Investors suddenly became bullish on the company’s rather specific retail segment.

On the last trading day of the week, it was good to be a furniture and home furnishings retailer.

Largely on the news that a prominent peer in the sector had a smashing second quarter, Wayfair (W 5.74%) stock rose in sympathy on Friday. The company’s share price zoomed nearly 6% higher, easily beating the 0.5% rise of the bellwether S&P 500 index.

A peer outperforms

The rival with the solid quarterly figures was RH (RH 25.49%), which unveiled its latest set of numbers after market hours on Thursday. The company’s revenue and net income figures both topped the average analyst estimates, and management expects demand for its wares to “accelerate” through this year into next.

Wayfair is not RH, of course. Its customer demographic is broader, and until very recently it was purely an online retailer (that changed in May 2024, when it opened the doors of a brick-and-mortar outlet in Illinois).

Yet furniture and home furnishings is a fairly narrow and specific retail category, so all things being equal, a good showing by one large company in the business indicates a favorable environment for others.

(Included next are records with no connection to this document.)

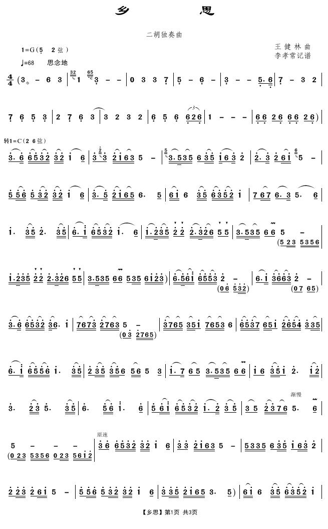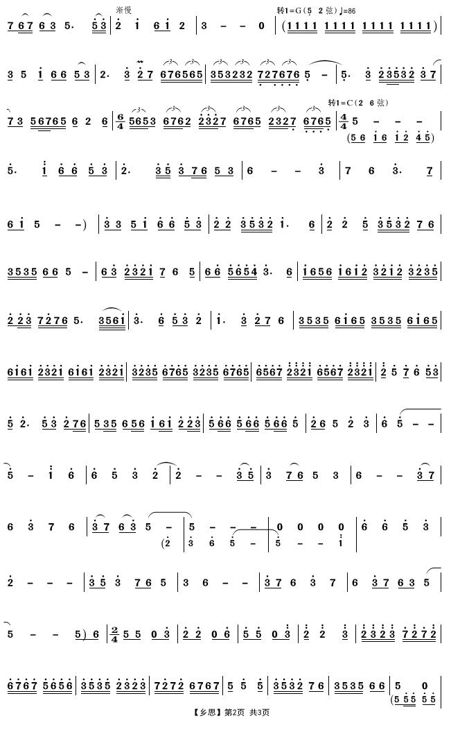 - [二胡谱] 乡思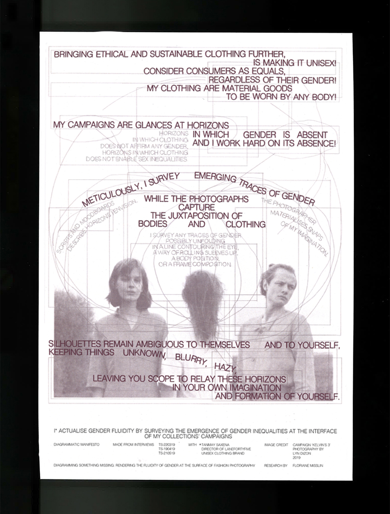 ☞ An article reflecting the the method of Diagrammatic Manifestos I developped in my MA dissertation in Visual Sociology. The method consists of editing manifestos with participants through a series of 2 to 3 interviews, expressing each of their unique approach to challenge fashion beyond womenswear and menswear.
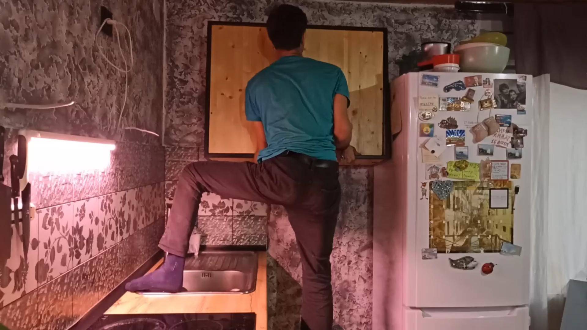 В частном доме скучать некогда//вот и кухонный шкаф на своем месте//
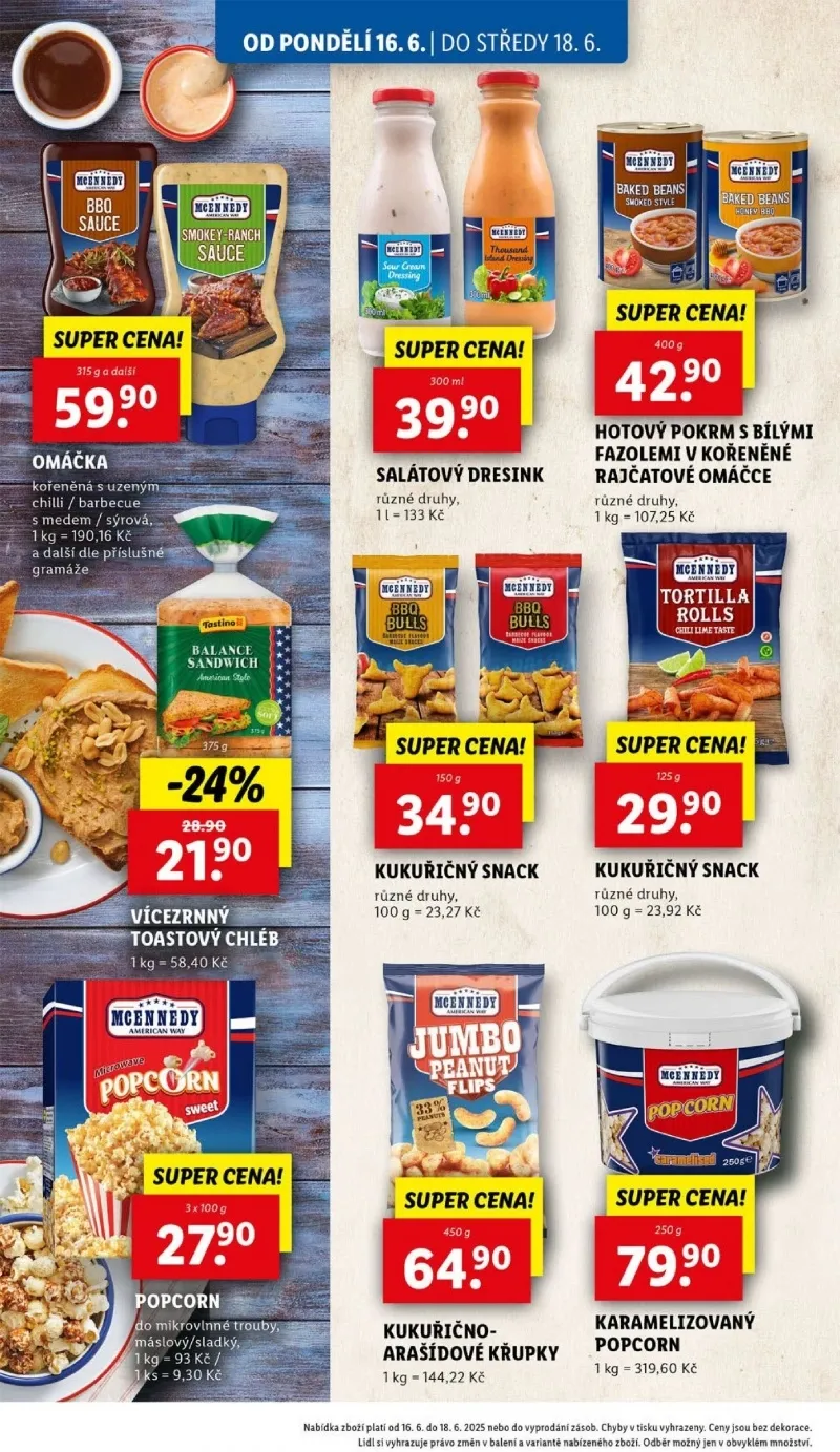 Od pondělí 16.6. do středy 18.6. si nenechte ujít skvělé nabídky v obchodě Lidl! V letáku najdete kořeněné omáčky s uzeným, chilli, barbecue, medem a sýrovou příchutí za super cenu 59 Kč. Dále nabízíme vícezrnný toastový chléb s 24% slevou, popcorn do mikrovlnné trouby v máslové a sladké variantě za 39 Kč, a různé druhy salátových dresinků.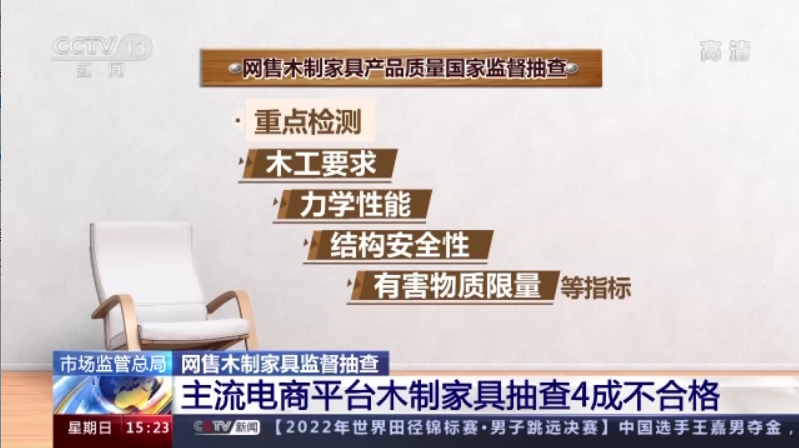 市场监管总局最近发布了针对网售木制家具的监督抽查,抽样都来自主流电商平台,抽查不合格率是40%。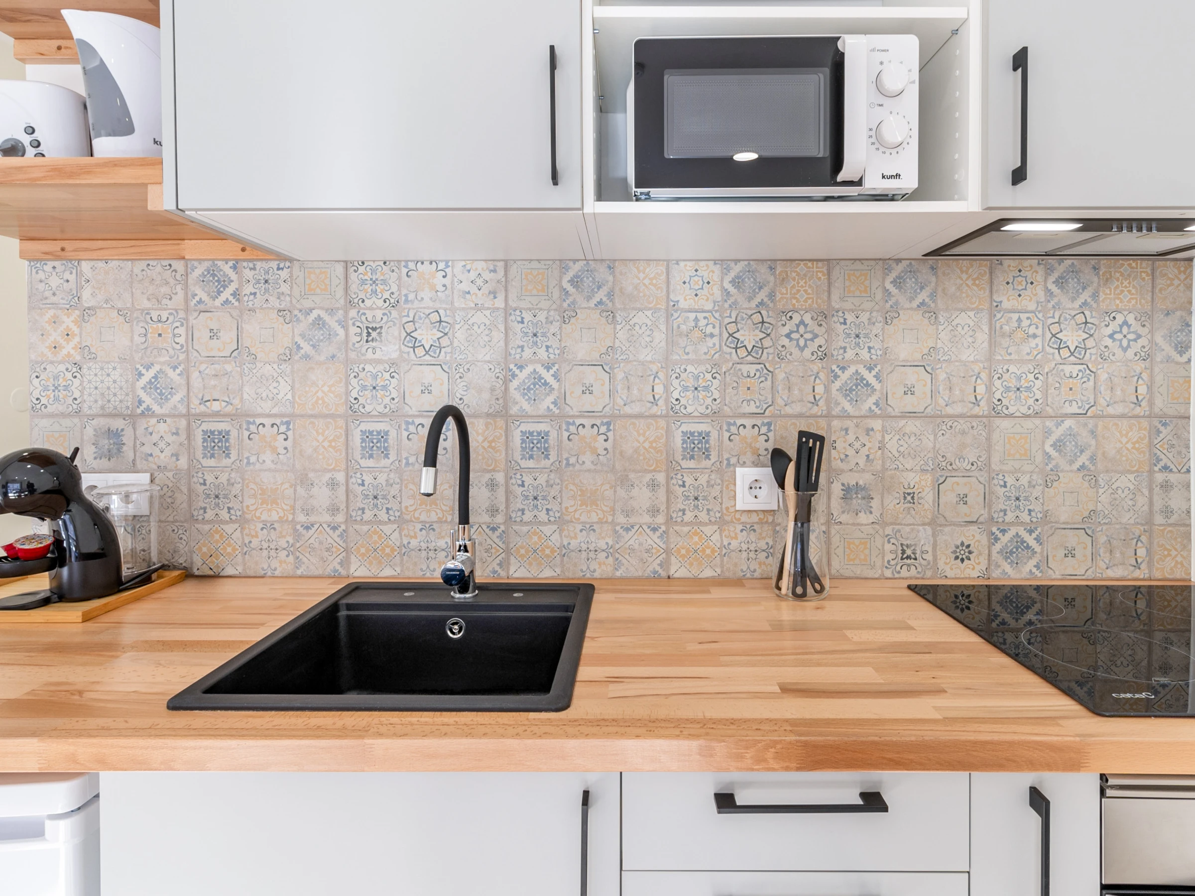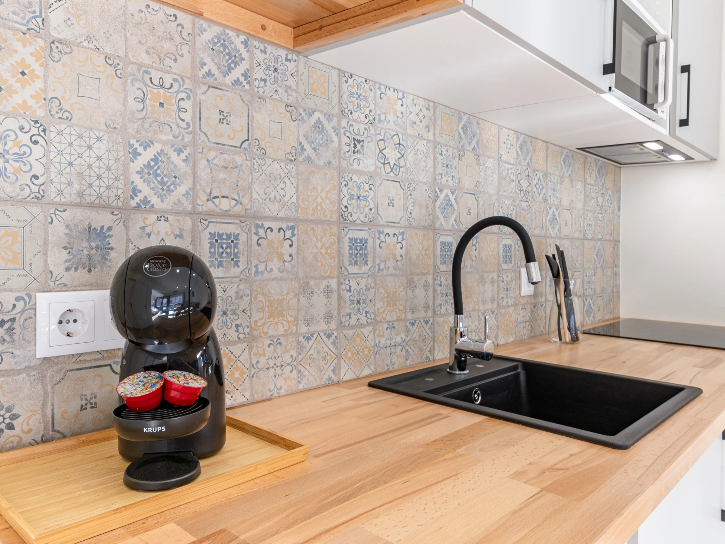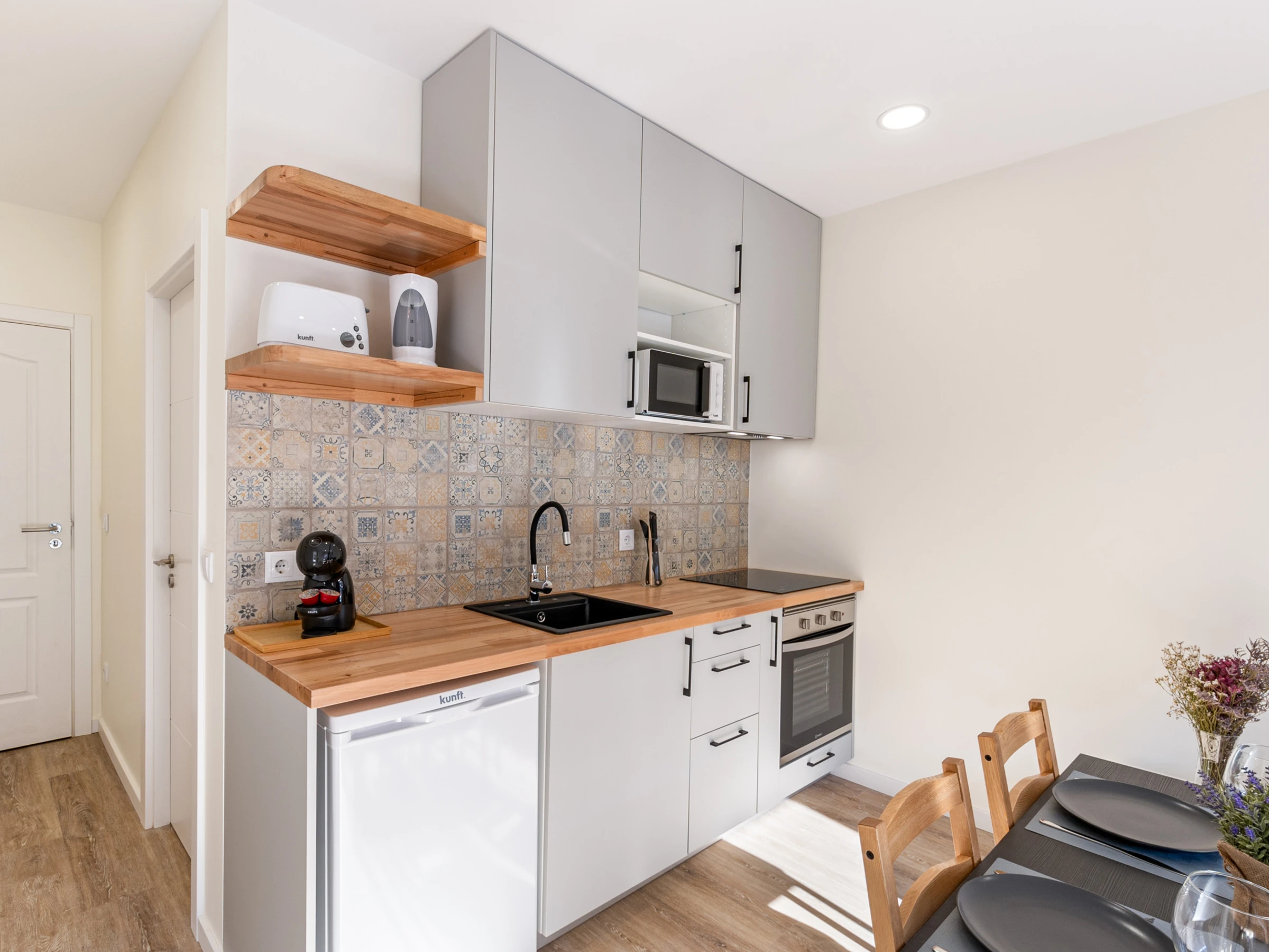 Dieses offene küche, elektrisches kochfeld, ist ausgestattet in kühlschrank, mikrowelle, backofen, gefrierschrank, geschirr/besteck, kochutensilien, kaffeemaschine, toaster und wasserkocher.

Better results ahead, pundits believe

Neither Wayfair nor RH stock will move on the former’s financial results anytime soon. That’s because it’s currently on track to publish third-quarter figures in November, and the preceding period’s details were laid out at the beginning of August. Regardless, analysts are expecting a decent showing by Wayfair in terms of the bottom line — collectively they’re modeling a flip into the black with a net income of $0.14 per share against third-quarter 2023’s $0.13 loss. Revenue, though, is expected to sag by 3% to $2.89 billion.